TASK BRIEF:
Below are lines of data, and only some are wanted. Please repeat exactly those from the line that has "Super Smash Bros." through the line that has "Du kan også".

DATA PROVIDED:
────────────────

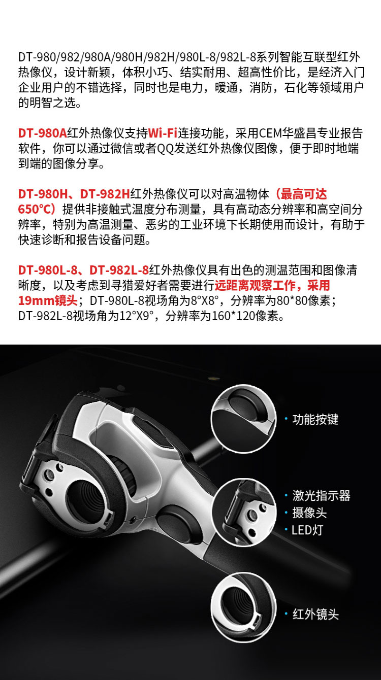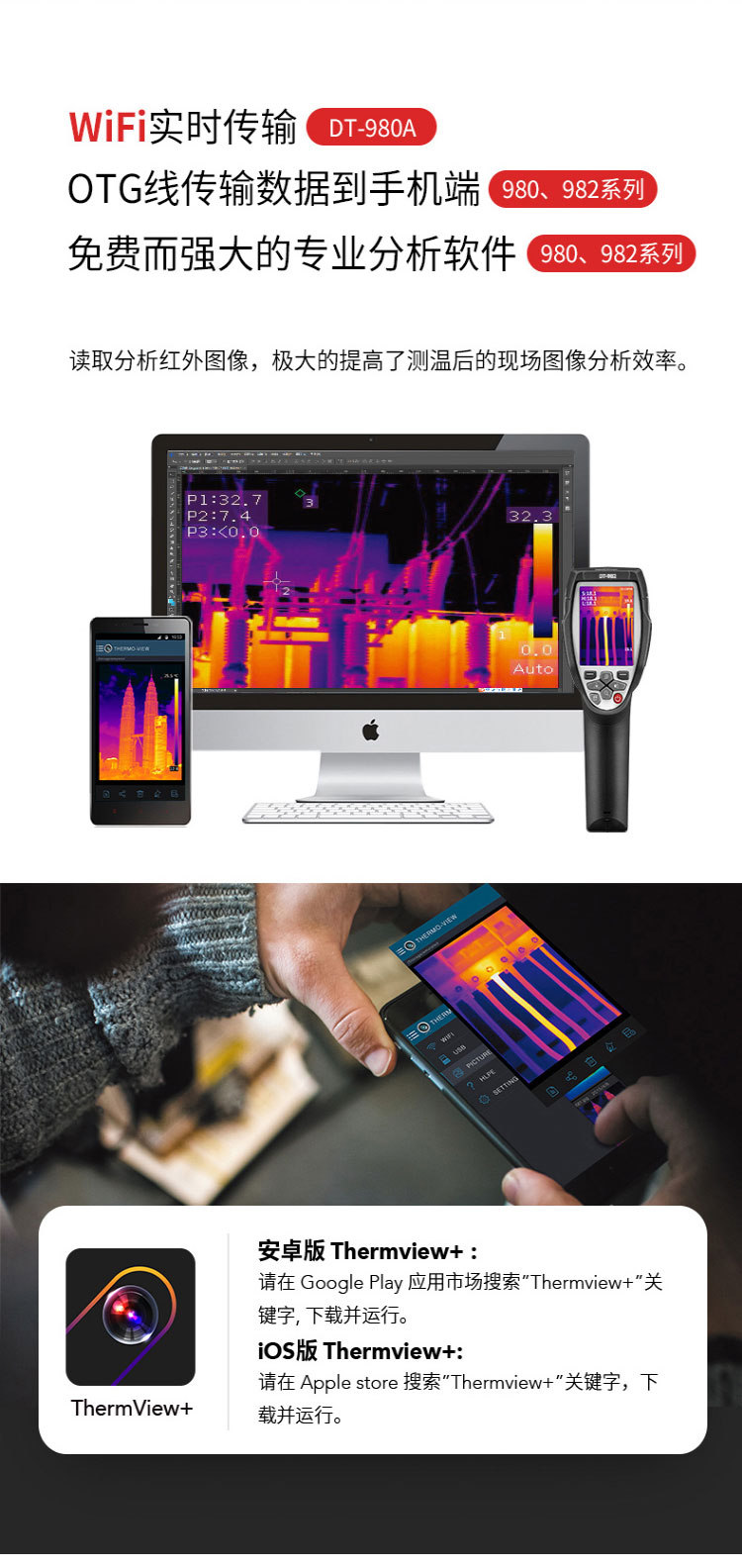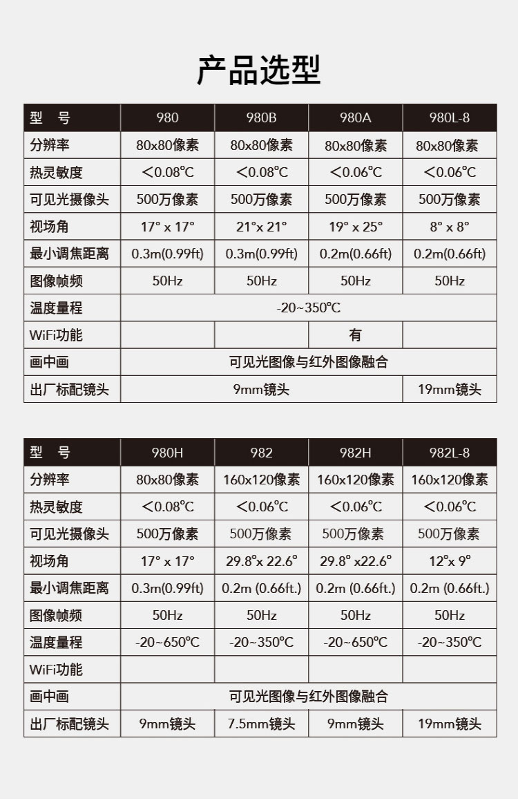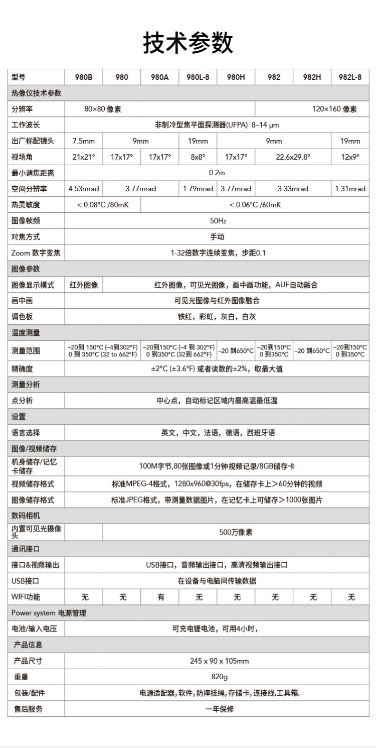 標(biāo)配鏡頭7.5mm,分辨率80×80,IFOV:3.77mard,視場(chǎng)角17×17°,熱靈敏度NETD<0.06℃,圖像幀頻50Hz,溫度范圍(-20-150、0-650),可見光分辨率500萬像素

────────────────

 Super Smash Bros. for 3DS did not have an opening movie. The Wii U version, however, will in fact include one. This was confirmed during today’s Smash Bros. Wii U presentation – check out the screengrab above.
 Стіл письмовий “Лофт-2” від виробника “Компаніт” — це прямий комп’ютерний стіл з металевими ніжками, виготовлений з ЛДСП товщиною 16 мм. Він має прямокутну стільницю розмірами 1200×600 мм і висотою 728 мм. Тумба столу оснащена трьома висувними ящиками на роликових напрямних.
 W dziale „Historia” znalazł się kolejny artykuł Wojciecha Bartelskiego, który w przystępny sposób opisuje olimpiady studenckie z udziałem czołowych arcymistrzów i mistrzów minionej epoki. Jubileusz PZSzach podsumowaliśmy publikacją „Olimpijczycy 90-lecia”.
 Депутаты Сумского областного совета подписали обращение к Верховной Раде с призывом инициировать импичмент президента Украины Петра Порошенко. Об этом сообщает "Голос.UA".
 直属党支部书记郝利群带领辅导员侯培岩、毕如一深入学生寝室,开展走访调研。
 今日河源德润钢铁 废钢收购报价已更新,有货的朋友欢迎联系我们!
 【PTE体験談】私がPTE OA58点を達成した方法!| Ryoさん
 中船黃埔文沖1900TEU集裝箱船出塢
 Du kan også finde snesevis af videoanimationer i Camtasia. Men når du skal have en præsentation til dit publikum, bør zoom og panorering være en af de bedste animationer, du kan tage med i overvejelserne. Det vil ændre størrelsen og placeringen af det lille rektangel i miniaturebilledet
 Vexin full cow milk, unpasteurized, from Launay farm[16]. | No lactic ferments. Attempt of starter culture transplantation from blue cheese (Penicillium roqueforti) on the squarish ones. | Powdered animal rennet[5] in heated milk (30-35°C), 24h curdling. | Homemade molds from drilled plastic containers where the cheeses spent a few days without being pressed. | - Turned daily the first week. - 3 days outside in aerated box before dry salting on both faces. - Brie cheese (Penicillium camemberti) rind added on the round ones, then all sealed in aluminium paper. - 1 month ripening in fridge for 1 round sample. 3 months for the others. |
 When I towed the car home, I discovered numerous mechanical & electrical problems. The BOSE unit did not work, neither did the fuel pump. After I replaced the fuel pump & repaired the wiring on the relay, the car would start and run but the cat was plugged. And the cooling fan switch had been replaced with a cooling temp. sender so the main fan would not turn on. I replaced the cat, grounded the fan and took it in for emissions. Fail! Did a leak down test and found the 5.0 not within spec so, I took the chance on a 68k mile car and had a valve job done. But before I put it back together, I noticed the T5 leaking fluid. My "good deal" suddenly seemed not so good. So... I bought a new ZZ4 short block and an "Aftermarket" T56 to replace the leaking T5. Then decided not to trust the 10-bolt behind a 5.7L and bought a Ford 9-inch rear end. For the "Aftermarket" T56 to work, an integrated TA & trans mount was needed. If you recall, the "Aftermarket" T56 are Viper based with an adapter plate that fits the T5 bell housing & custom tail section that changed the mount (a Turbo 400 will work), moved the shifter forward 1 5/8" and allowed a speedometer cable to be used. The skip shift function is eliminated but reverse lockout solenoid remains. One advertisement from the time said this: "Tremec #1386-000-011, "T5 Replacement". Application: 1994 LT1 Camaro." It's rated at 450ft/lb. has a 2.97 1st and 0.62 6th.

────────────────

EXPECTED ANSWER:
 Super Smash Bros. for 3DS did not have an opening movie. The Wii U version, however, will in fact include one. This was confirmed during today’s Smash Bros. Wii U presentation – check out the screengrab above.
 Стіл письмовий “Лофт-2” від виробника “Компаніт” — це прямий комп’ютерний стіл з металевими ніжками, виготовлений з ЛДСП товщиною 16 мм. Він має прямокутну стільницю розмірами 1200×600 мм і висотою 728 мм. Тумба столу оснащена трьома висувними ящиками на роликових напрямних.
 W dziale „Historia” znalazł się kolejny artykuł Wojciecha Bartelskiego, który w przystępny sposób opisuje olimpiady studenckie z udziałem czołowych arcymistrzów i mistrzów minionej epoki. Jubileusz PZSzach podsumowaliśmy publikacją „Olimpijczycy 90-lecia”.
 Депутаты Сумского областного совета подписали обращение к Верховной Раде с призывом инициировать импичмент президента Украины Петра Порошенко. Об этом сообщает "Голос.UA".
 直属党支部书记郝利群带领辅导员侯培岩、毕如一深入学生寝室,开展走访调研。
 今日河源德润钢铁 废钢收购报价已更新,有货的朋友欢迎联系我们!
 【PTE体験談】私がPTE OA58点を達成した方法!| Ryoさん
 中船黃埔文沖1900TEU集裝箱船出塢
 Du kan også finde snesevis af videoanimationer i Camtasia. Men når du skal have en præsentation til dit publikum, bør zoom og panorering være en af de bedste animationer, du kan tage med i overvejelserne. Det vil ændre størrelsen og placeringen af det lille rektangel i miniaturebilledet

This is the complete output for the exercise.